Peyvandi F, Mannucci P M, Jenkins P V, Lee A, Coppola R, Perry D J
Haemophilia Centre, Department of Haematology, Royal Free & University College Medical School, Royal Free Campus, London, UK.
Thromb Haemost. 2000 Oct;84(4):635-7.
We report the case of a 5-year-old boy with severe factor VII deficiency. The affected child presented at the age of 8 months and again at 18 months with bleeding from the gastrointestinal tract but the diagnosis of factor VII deficiency was not made until the age of 3 years. He was treated with fresh frozen plasma and subsequently factor VII concentrates and to date remains well. To identify the causative mutation, the factor VII gene was screened by SSCP and direct sequence analysis. A single homozygous 2 bp deletion (-CT) mutation was identified in exon 1a removing nucleotides 27/28 (codons 52/53). Both parents, who were first cousins, were heterozygous for the mutation. The mutation located in the prepropeptide of factor VII, results in a complete absence of factor VII in plasma. This case indicates that a complete absence of plasma factor VII is not necessarily a lethal condition.

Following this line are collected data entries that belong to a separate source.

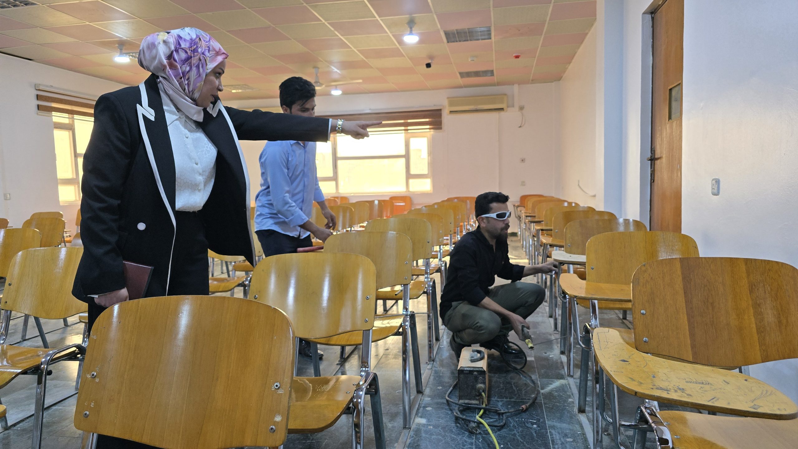 وشهدت الحملة مشاركة فاعلة لطلبة القسم والمتمثلة برئيس القسم الدكتورة ضي علي عزيز حيث تضمنت الأعمال لحام المقاطع الحديدية واستبدال المقاعد الخشبية المتضررة واعادة صيانتها بما يضمن سلامتها وجاهزيتها للاستخدام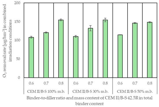The photocatalytic efficiency for ozone (O3) removal ranged from approx. 108 to 155 µg/hm2 under combined light sources—Figure 10. Under combined irradiation, a strong statistically significant effect of an increase in the binder-to-filler ratio on the increase in ozone removal was found (ANOVA p = 0.008 << 0.05).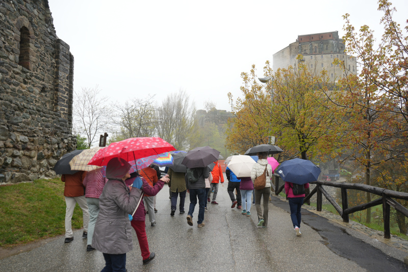 Der letzte Reisetag zeigte das schlechteste Wetter. Die Reisenden zückten ihre Schirme und Regenjacken und liessen sich nicht davon abhalten, noch die älteste Kirche im Programm zu besuchen: Die Sacra di San Michele ruht als Wahrzeichen des Piemonts auf dem Monte Pirchiriano über dem Susatal. Das Kloster fand seinen Anfang im Jahr 983 und zeigte sich in den Wolken als sehr mystischer Ort. Absolut sehenswert!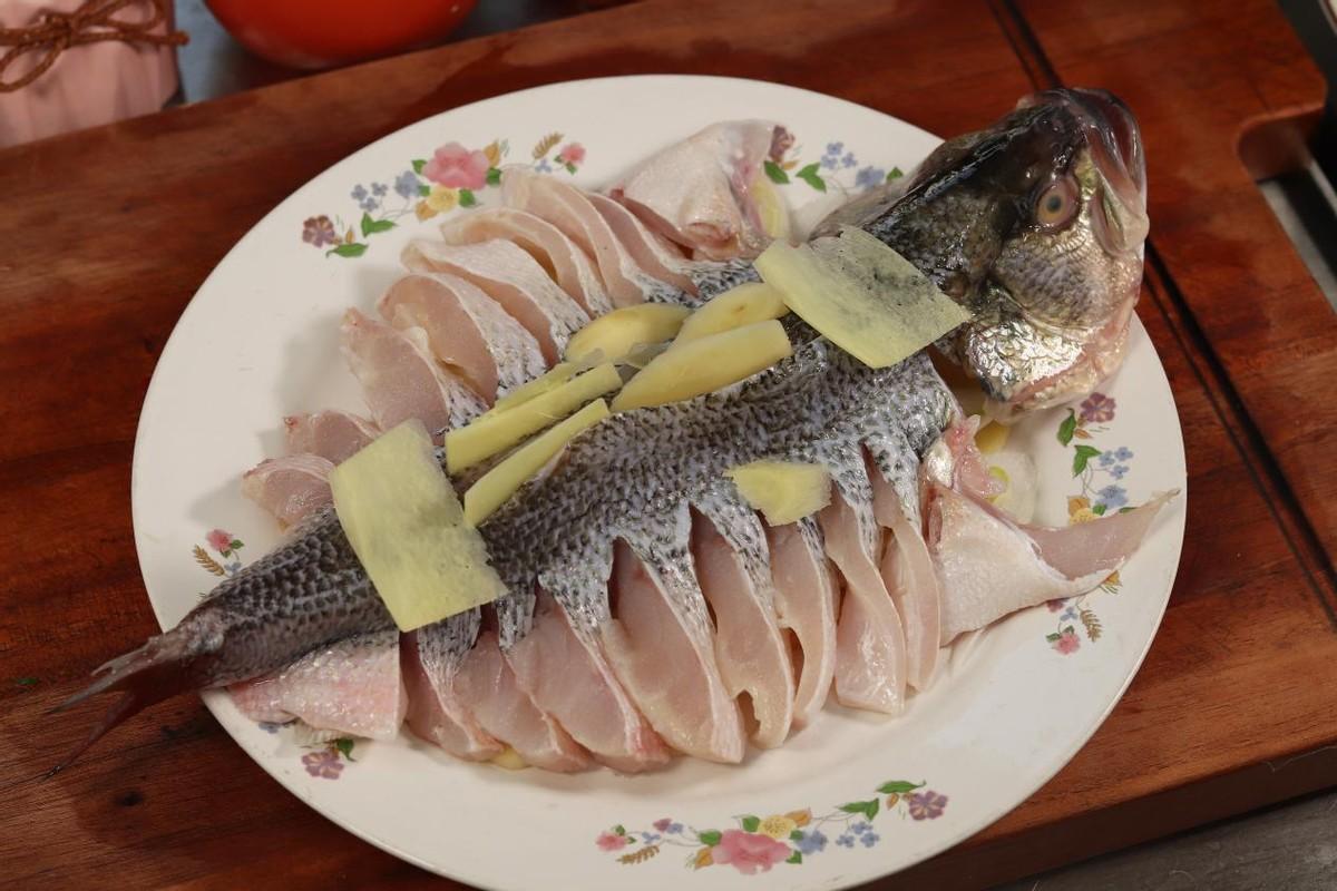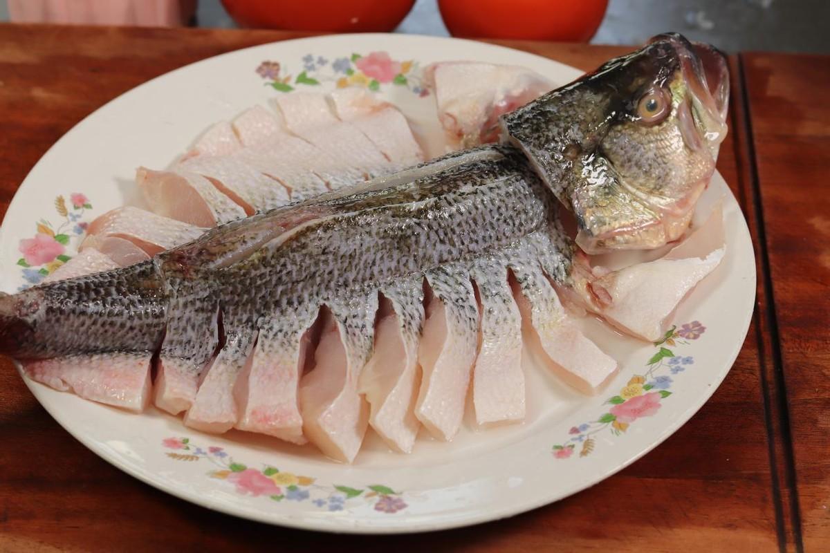 1.准备一条鲈鱼,用清水清洗干净,然后将鱼从鱼腹部用刀划开,再把鱼头和鱼尾切下来,鱼背部用刀划开,再将鱼肚肉切成小条,这样更加入味。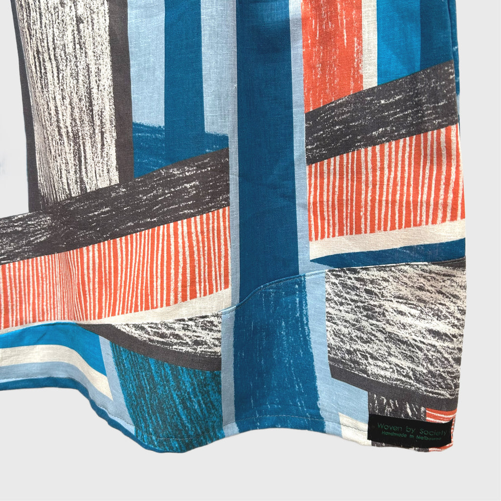 This is a round neck sleeveless top. The fabric is a kokka cotton linen by Keshiki called Office Street. It has a simple neckline and side darts at the bust to give a more fitted look. I have added a co-ordinated light blue binding to the armholes and neckline. The front hem has an added panel, giving it a faux assymmertical look.
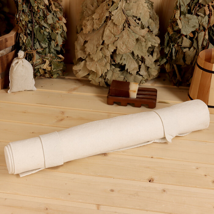 Коврик необходим в целях личной гигиены, чтобы сидеть на нем в парной. При этом важно, чтобы коврик был выполнен из натурального материала. Данный коврик сделан из шерстяного материала - войлока. Войлок обладает низкой теплопроводностью и не позволяет телу перегреваться. Также войлок гигроскопичен, он хорошо впитывает пот и это дает возможность пребывать в сауне более длительное время в комфортных условиях.

我们报告了一例患有严重凝血因子VII缺乏症的5岁男孩的病例。该患病儿童在8个月大时首次出现症状,18个月大时再次出现胃肠道出血症状,但直到3岁时才确诊为凝血因子VII缺乏症。他接受了新鲜冷冻血浆治疗,随后使用了凝血因子VII浓缩剂,至今情况良好。为了确定致病突变,通过单链构象多态性(SSCP)和直接序列分析对凝血因子VII基因进行了筛查。在外显子1a中鉴定出一个纯合的2碱基缺失(-CT)突变,该突变去除了核苷酸27/28(密码子52/53)。父母双方是近亲,均为该突变的杂合子。该突变位于凝血因子VII的前肽中,导致血浆中完全缺乏凝血因子VII。该病例表明,血浆中完全缺乏凝血因子VII不一定是致命的情况。